Just eat it.
It's hard to look at these stylish packages of citrus fruit, bearing Nike's iconic swoosh, without having the athletic company's famous slogan "Just do it" immediately come to mind. And that's precisely the point, says Israel-based designer Peddy Mergui.
He says packaging tells a story, and can imbue consumer goods with value and prestige. And he created the Nike fruit as part of a project that reimagines everyday foods as designer groceries. The goal, he tells The Salt, is to explore how packaging manipulates our perceptions and desires.
"In my line of work, I was always asking, 'What is the ethical boundary for designers' ability to influence consumption? Are we using our 'tools' wisely? This got me on a three-year journey to explore my field [and] examine the way we think as consumers," he tells us in an email.
The result, an exhibit called "Wheat Is Wheat Is Wheat," borrows the visual branding of luxury brands to disturbingly alluring effect.
Yogurt containers in Tiffany blue connote a spoonful of privilege. A breakfast of Coffee by Cartier, Eggs by Versace and Soft Butter by Bulgari feels like the ultimate in decadence.
And a carton of Mergui's iMilk By Apple is undoubtedly sleeker than anything we're used to seeing in the dairy aisle. It would probably look pretty good in my refrigerator.
Part of the seduction, says Mergui, is that like many high-end brands, Apple isn't just selling you products. "It represents a certain lifestyle, a community," he says. And that goes to the heart of what Mergui wanted his project to explore: How do the values associated with a brand affect how we feel about a ordinary food products done up in fancy packaging?
"Some will find [the resulting products] playful, ridiculous, exaggerated," he says. "Some may even feel they belong."
Indeed, there is a certain logic to having Nike – a company whose products are associated with healthy, active lifestyles — peddle fruit. It wouldn't actually be the first consumer goods purveyor to make the leap into foodstuffs. For example, the outdoor clothing and gear company Patagonia sells smoked salmon provisions – a move which Mergui says makes a lot of strategic sense: "They extended their outdoor brand to outdoor foods."
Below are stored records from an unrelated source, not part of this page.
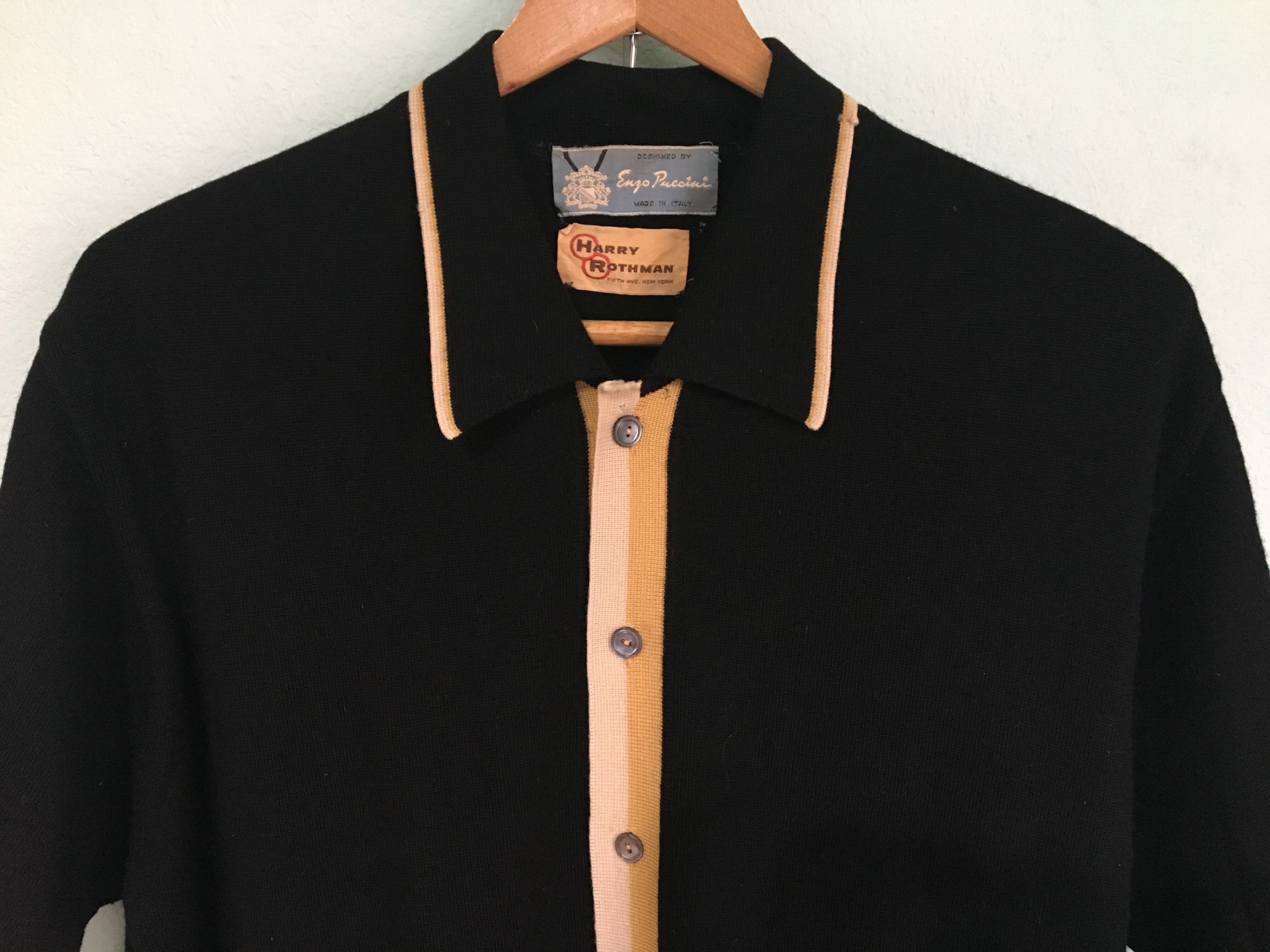 イタリア製 ビンテージ ライン入 ニットシャツ フロントボタン 50s 60s OLD / マフィア ギャング
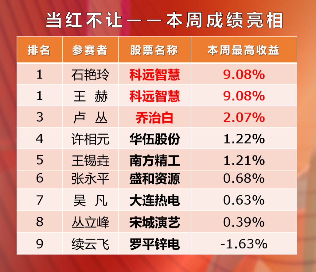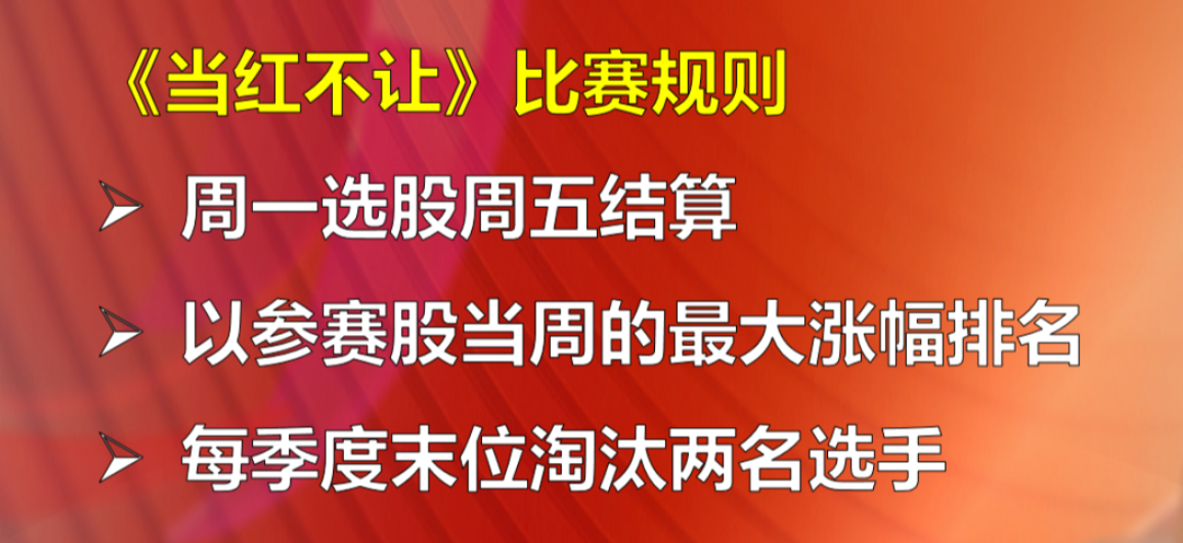 《当红不让》这是我们节目推出的一档虚拟炒股比赛,目的是为观众展示实战高手的选股能力,传授夺冠“一招鲜”。我们的比赛规则是周一选股周五结算,以参赛股当周的最大涨幅排名,每季度会末位淘汰两名选手。
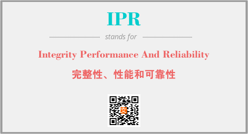 上述内容是“Integrity Performance And Reliability”作为“IPR”的缩写,解释为“完整性、性能和可靠性”时的信息,以及英文缩略词IPR所代表的英文单词,其对应的中文拼音、详细解释以及在英文中的流行度和相关分类、应用领域及应用示例等。
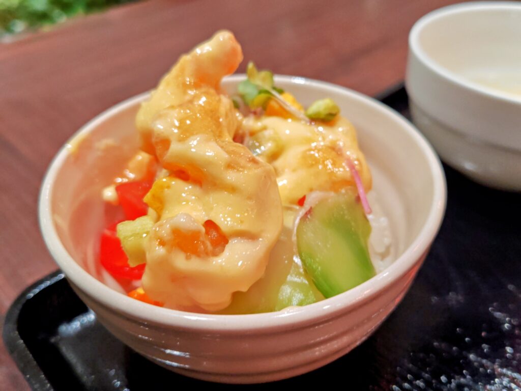 残ったご飯に大海老、ザーサイを乗せマヨネーズソースを全ぶっかけ!
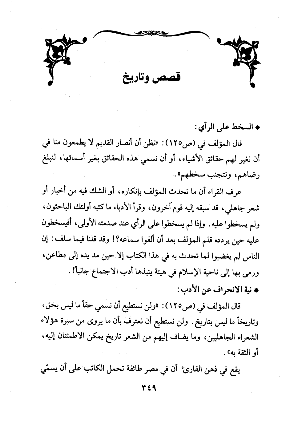 عرف القراء أن ما تحدث المؤلف بإنكاره، أو الشك فيه من أخبار أو شعر جاهلي، قد سبقه إليه قوم آخرون، وقرأ الأدباء ما كتبه أولئك الباحثون، ولم يسخطوا عليه. وإذا لم يسخطوا على الرأي عند صدمته الأولى، أفيسخطون عليه حين يردده قلم المؤلف بعد أن ألفوا سماعه؟! وقد قلنا فيما سلف: إن الناس لم يغضبوا لما تحدث به في هذا الكتاب إلا حين مد يده إلى مطاعن، ورمى بها إلى ناحية الإِسلام في هيئة ينبذها أدب الاجتماع جانباً!.
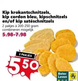 Kip krokantschnitzels, kip cordon bleu, kipschnitzels en/of kip satéschnitzels
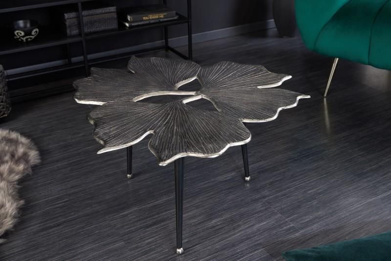 STOLIK KAWOWY GINGKO 75X73 CM SREBRNY Ten nowoczesny stolik kawowy zawdzięcza swój imponujący wygląd wysokiej jakości blatowi. Wyjątkowość tego mebla stanowi wygląd odzwierciedlający idealnie miłorząb japoński koloru srebrnego, wzór liścia wykonywany jest za pomocą precyzyjnego frezowania ręcznego, dzięki czemu kusi swoją autentycznością oraz unikalnością. Blat ten został postawiony na stabilnej aluminiowej podstawie koloru czarnego z dodatkami srebrnymi. Stolik ten doskonale sprawdzi się w nowoczesnym salonie odzwierciedlającym styl Glamour. W serii GINGKO występują również dekoracje ścienne, komody oraz stoliki w różnych rozmiarach oraz kolorach - patrz produkty powiązane. Invicta Interior to niezawodny dostawca ekskluzywnych designerskich mebli i akcesoriów domowych. Jest to dynamiczna i doświadczona firma z wieloletnimi międzynarodowymi kontaktami i stale poszukującą nowych produktów i innowacyjnych pomysłów. Dojrzała ogólna koncepcja firmy pozwala zaoferować klientom duży wybór nowoczesnych i klasycznych mebli o wyjątkowej jakości w rozsądnych cenach. Invicta Interior monitoruje wszystkie aktualne trendy w branży meblowej, dlatego klienci zawsze otrzymują najnowsze i najwyższej jakości designerskie meble.
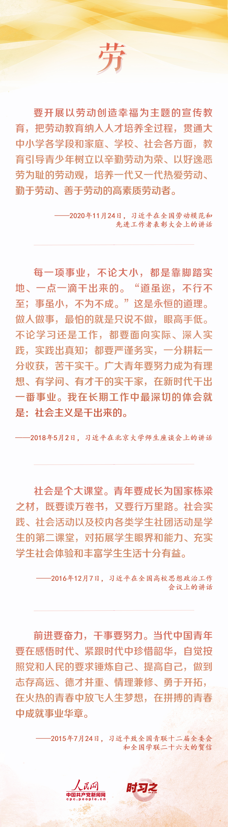 當(dāng)代中國青年生逢盛世、肩負重任,與新時代同向同行、共同前進。在青春的賽道上奮力奔跑,爭取跑出當(dāng)代青年的最好成績,習(xí)近平激勵青年要德智體美勞全面發(fā)展。
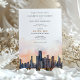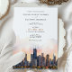 Announce your upcoming wedding with this sophisticated invitation, featuring the iconic skyline of Chicago, Illinois. The card showcases a stunning watercolor illustration of Chicago’s famous architecture, beautifully depicted with the serene hues of dawn or dusk. The elegant serif and script fonts in warm terra cotta and muted gold add a touch of modern chic. Perfect for couples planning a contemporary urban wedding, this invitation combines the charm of Chicago's skyline with a refined artistic flair.
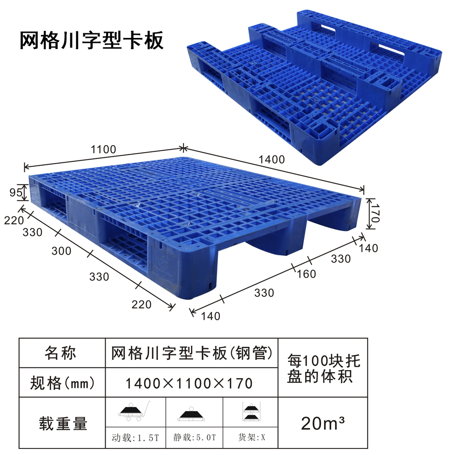 | 可选颜色 | 低兰,兰,黄,黑,绿,红,白,灰,其他 | 动载 | 1.5T | 材料 | PP,PE | 型式 | 四面进叉 | 适用范围 | 烟草专用卡板 | 尺寸 | 1400×1100×170 | 静载 | 5T | 类型 | 川字 | 百个数量体积 | 0m³ | 货架 | -- |
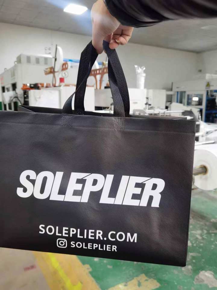 Sacs de courses réutilisables en tissu non tissé avec logo imprimé personnalisé, sacs cadeaux dorés, sacs de courses non tissés personnalisés
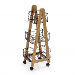 CARRO C/ RUEDAS 3 CESTAS NEGRO Referencia: 21810093 Medidas: 66x36x76 cm. Material: Madeira MDF Packaging: CAIXA BRANCA COM ADESIVO Info: Montagem necessária
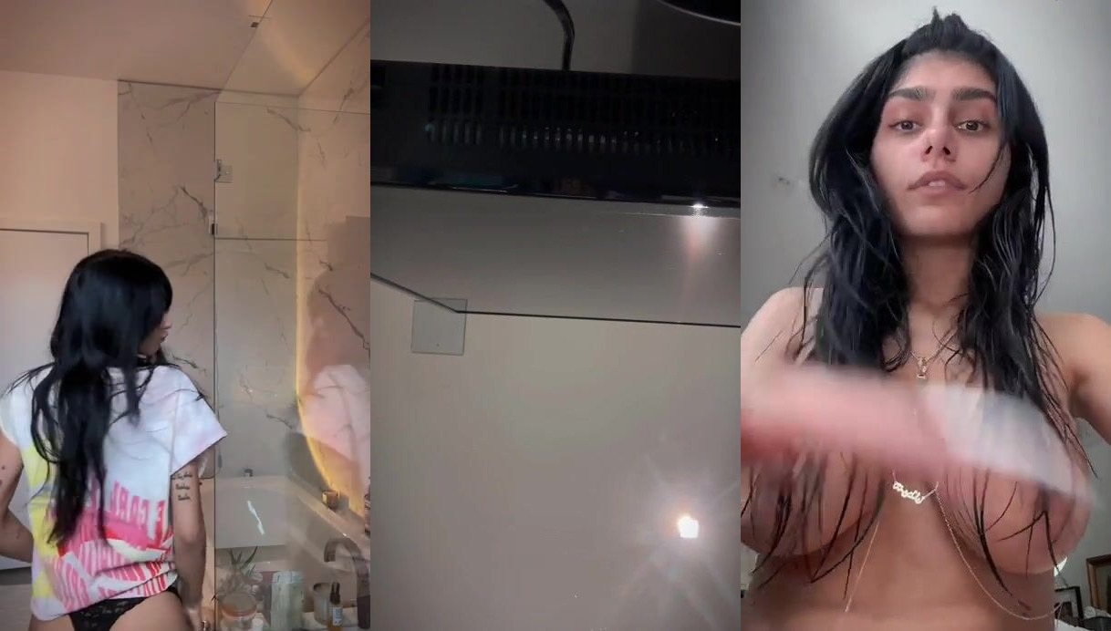 Mia Khalifa brings the heat in the kitchen while showing her massive tits in an oversized T-shirt in an OnlyFans video.
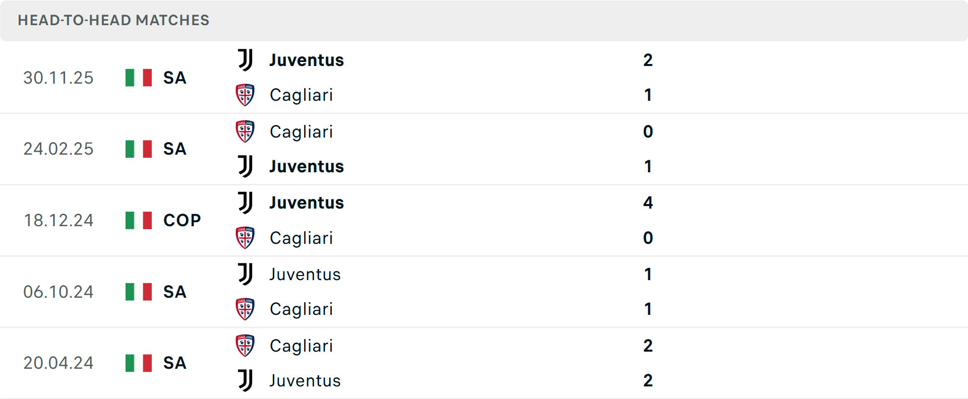 Tổng bàn thắng cả trận: 5/7 cuộc đối đầu mới nhất giữa hai đội vượt mốc tổng bàn thắng, tương tự là 5/6 trận gần đây của Cagliari và 2 trận vừa qua của Juventus.
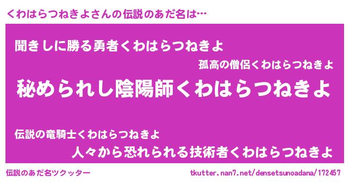 | 意味不明あだ名 | 『くわはらつねきよフォーエバー』 |
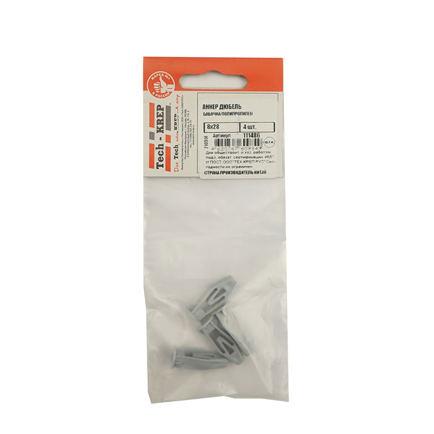 Дюбель Бабочка полипропиленовый (ПП) 8х28мм, 4 шт.

For now, the comestibles Mergui imagines remain in the realm of fantasy: Flour by Prada tickles the fancy in part because an essential food product with a luxury label — and presumably, with a luxury pricetag — seems so outlandish.
And yet, the uncomfortable truth of modern food shopping is that there is a booming market of luxury foods. And while they may not have designer labels, they are certainly steeped with a set of values. Why else would you pay $7 for a half-gallon glass bottle of local, grass-fed milk? Consumers aren't just paying for the taste, but the lifestyle and values it embodies.
"Wheat is Wheat is Wheat" was a hit when it went on display last April at San Francisco's Museum of Craft and Design, says the venue's executive director, JoAnn Edwards. The reaction from museum visitors "was unbelievable," she says — some left the exhibit asking why more daily goods weren't given a designer gloss. Excellent packaging, she says, is "becoming more and more something consumers respond to."
Mergui says he got a first-hand lesson on that while he was designing a container of "Chanel infant formula."
"A colleague of mine saw it in my office ... and asked where can she get it," he says. "She wanted to buy it for her baby. That made me realize the power [these] luxury values have."
"Wheat is Wheat is Wheat" will next go on display in May at Expo Milano 2015.
Update 2/10/15: As a reader notes in an email to The Salt, other artists have also used the concept of designer foods to explore brand obsession and consumption. One of the best-known examples comes from the influential artist Tom Sachs. Back in 1997, Sachs' Hermes Value Meal gave a McDonald's meal a makeover in the spirit of the luxury fashion house — a jarring and cheeky juxtaposition of the high and low end of consumer culture. Last year, Tyler Shields' "Indulgence" series featured Prada Popcorn and Hermes-labeled milk and cola.
And several years ago, the folks at The Cool Hunter pitched a real-life version of designer fast food. The concept, called McFancy, envisioned a luxe, pop-up version of McDonald's — with menu items like Gucci french fries and Burberry burgers — to be served at Fashion Week in various cities.